Stored data
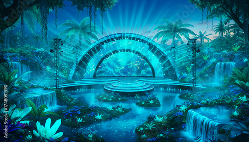 underwater world in the ocean song stage. Europe Song Contest stage. fiber optics background with lots of light spots
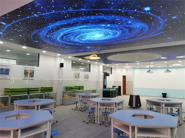 深邃的藍(lán)色、小組學(xué)習(xí)式的課桌椅以及四周的地理知識窗簾和地形地貌模型,羿飛地理專用教室一改傳統(tǒng)教室的設(shè)計(jì)布局,以更清新自由的形象展現(xiàn)在師生面前。
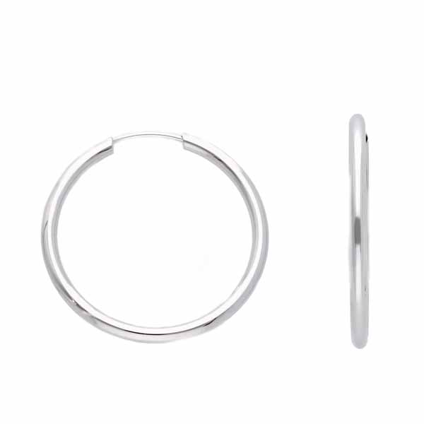 Valkokultaiset korvarenkaat kauniilla kiiltävällä pinnalla. Renkaan halkaisija on 22 mm ja leveys 1,6 mm. Materiaali on 9 karaatin valkokulta. Korvakoruissa on putkikiinnitys.
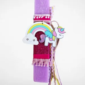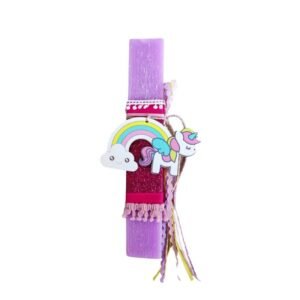 Χειροποίητη αρωματική λαμπάδα με ξύλινο διακοσμητικό Ουράνιο Τόξο με Μονόκερο.
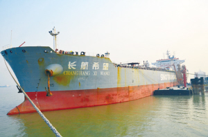 图为“长航希望”号油轮驶离金陵石化10号码头(窦 豆 李 剑)

# ASSIGNMENT:
Write out the records shown above exactly, but do not include any images.

# REPLY:
 underwater world in the ocean song stage. Europe Song Contest stage. fiber optics background with lots of light spots
 深邃的藍(lán)色、小組學(xué)習(xí)式的課桌椅以及四周的地理知識窗簾和地形地貌模型,羿飛地理專用教室一改傳統(tǒng)教室的設(shè)計(jì)布局,以更清新自由的形象展現(xiàn)在師生面前。
 Valkokultaiset korvarenkaat kauniilla kiiltävällä pinnalla. Renkaan halkaisija on 22 mm ja leveys 1,6 mm. Materiaali on 9 karaatin valkokulta. Korvakoruissa on putkikiinnitys.
 Χειροποίητη αρωματική λαμπάδα με ξύλινο διακοσμητικό Ουράνιο Τόξο με Μονόκερο.
 图为“长航希望”号油轮驶离金陵石化10号码头(窦 豆 李 剑)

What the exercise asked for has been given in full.